Pictures are to be omitted, and every entry below is to be restated exactly.

Start of Block

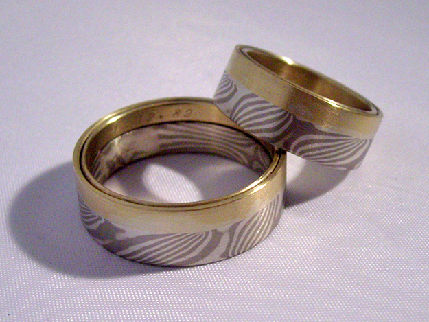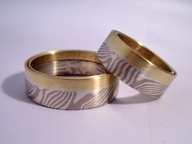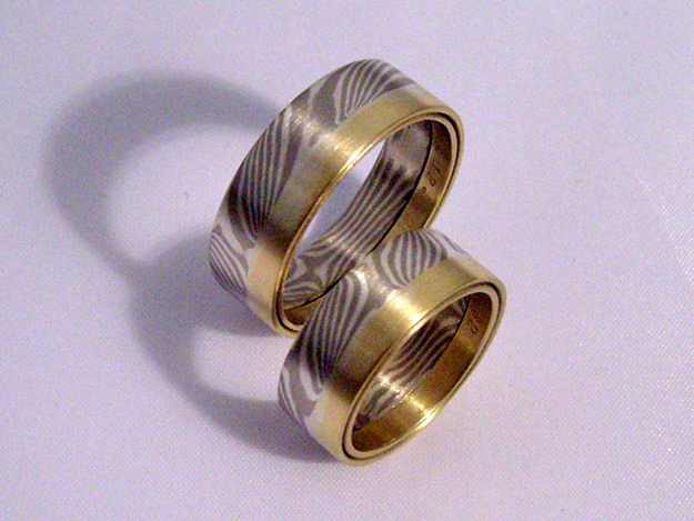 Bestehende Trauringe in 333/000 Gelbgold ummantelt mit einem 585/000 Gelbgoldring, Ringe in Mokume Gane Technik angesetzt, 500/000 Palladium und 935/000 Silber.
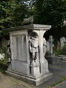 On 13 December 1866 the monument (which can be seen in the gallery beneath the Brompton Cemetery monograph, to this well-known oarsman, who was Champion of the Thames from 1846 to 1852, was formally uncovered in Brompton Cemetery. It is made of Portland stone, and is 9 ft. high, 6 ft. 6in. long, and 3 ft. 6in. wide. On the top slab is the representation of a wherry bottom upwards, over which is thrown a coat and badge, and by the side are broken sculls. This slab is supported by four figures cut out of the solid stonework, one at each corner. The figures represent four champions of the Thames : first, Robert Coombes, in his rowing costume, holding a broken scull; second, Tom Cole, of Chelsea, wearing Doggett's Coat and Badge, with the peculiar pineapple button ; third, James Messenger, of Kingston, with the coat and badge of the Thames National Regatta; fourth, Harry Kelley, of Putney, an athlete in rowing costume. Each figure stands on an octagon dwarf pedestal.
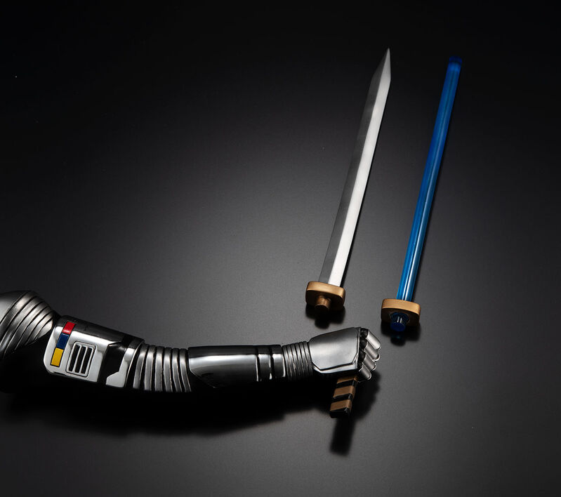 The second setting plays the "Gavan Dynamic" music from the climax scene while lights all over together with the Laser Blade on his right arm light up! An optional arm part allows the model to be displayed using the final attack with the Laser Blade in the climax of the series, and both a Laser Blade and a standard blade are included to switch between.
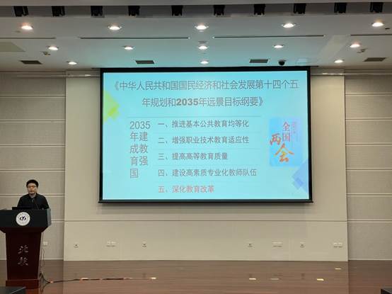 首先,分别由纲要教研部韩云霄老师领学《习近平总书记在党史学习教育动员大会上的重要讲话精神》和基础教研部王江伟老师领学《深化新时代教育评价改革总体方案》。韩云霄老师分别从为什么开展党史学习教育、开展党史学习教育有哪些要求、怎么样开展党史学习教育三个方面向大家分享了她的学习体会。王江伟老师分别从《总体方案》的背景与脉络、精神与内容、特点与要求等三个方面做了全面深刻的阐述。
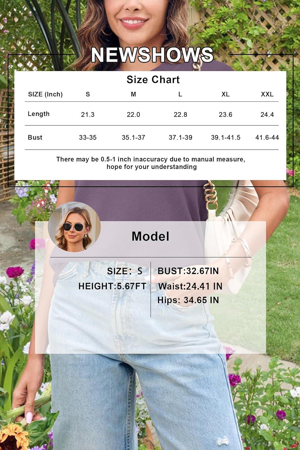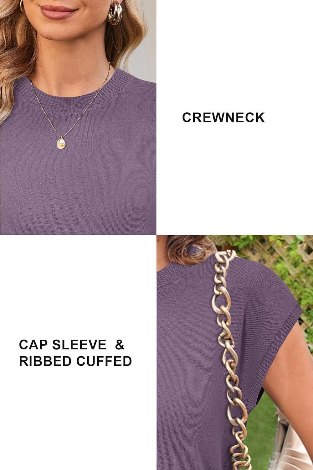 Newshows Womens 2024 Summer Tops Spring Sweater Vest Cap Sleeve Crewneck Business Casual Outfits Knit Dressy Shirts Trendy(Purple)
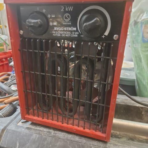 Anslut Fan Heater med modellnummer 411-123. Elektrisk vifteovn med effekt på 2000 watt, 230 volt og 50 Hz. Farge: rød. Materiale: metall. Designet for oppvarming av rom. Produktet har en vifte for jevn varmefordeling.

End of Block

*Task output*:
 Bestehende Trauringe in 333/000 Gelbgold ummantelt mit einem 585/000 Gelbgoldring, Ringe in Mokume Gane Technik angesetzt, 500/000 Palladium und 935/000 Silber.
 On 13 December 1866 the monument (which can be seen in the gallery beneath the Brompton Cemetery monograph, to this well-known oarsman, who was Champion of the Thames from 1846 to 1852, was formally uncovered in Brompton Cemetery. It is made of Portland stone, and is 9 ft. high, 6 ft. 6in. long, and 3 ft. 6in. wide. On the top slab is the representation of a wherry bottom upwards, over which is thrown a coat and badge, and by the side are broken sculls. This slab is supported by four figures cut out of the solid stonework, one at each corner. The figures represent four champions of the Thames : first, Robert Coombes, in his rowing costume, holding a broken scull; second, Tom Cole, of Chelsea, wearing Doggett's Coat and Badge, with the peculiar pineapple button ; third, James Messenger, of Kingston, with the coat and badge of the Thames National Regatta; fourth, Harry Kelley, of Putney, an athlete in rowing costume. Each figure stands on an octagon dwarf pedestal.
 The second setting plays the "Gavan Dynamic" music from the climax scene while lights all over together with the Laser Blade on his right arm light up! An optional arm part allows the model to be displayed using the final attack with the Laser Blade in the climax of the series, and both a Laser Blade and a standard blade are included to switch between.
 首先,分别由纲要教研部韩云霄老师领学《习近平总书记在党史学习教育动员大会上的重要讲话精神》和基础教研部王江伟老师领学《深化新时代教育评价改革总体方案》。韩云霄老师分别从为什么开展党史学习教育、开展党史学习教育有哪些要求、怎么样开展党史学习教育三个方面向大家分享了她的学习体会。王江伟老师分别从《总体方案》的背景与脉络、精神与内容、特点与要求等三个方面做了全面深刻的阐述。
 Newshows Womens 2024 Summer Tops Spring Sweater Vest Cap Sleeve Crewneck Business Casual Outfits Knit Dressy Shirts Trendy(Purple)
 Anslut Fan Heater med modellnummer 411-123. Elektrisk vifteovn med effekt på 2000 watt, 230 volt og 50 Hz. Farge: rød. Materiale: metall. Designet for oppvarming av rom. Produktet har en vifte for jevn varmefordeling.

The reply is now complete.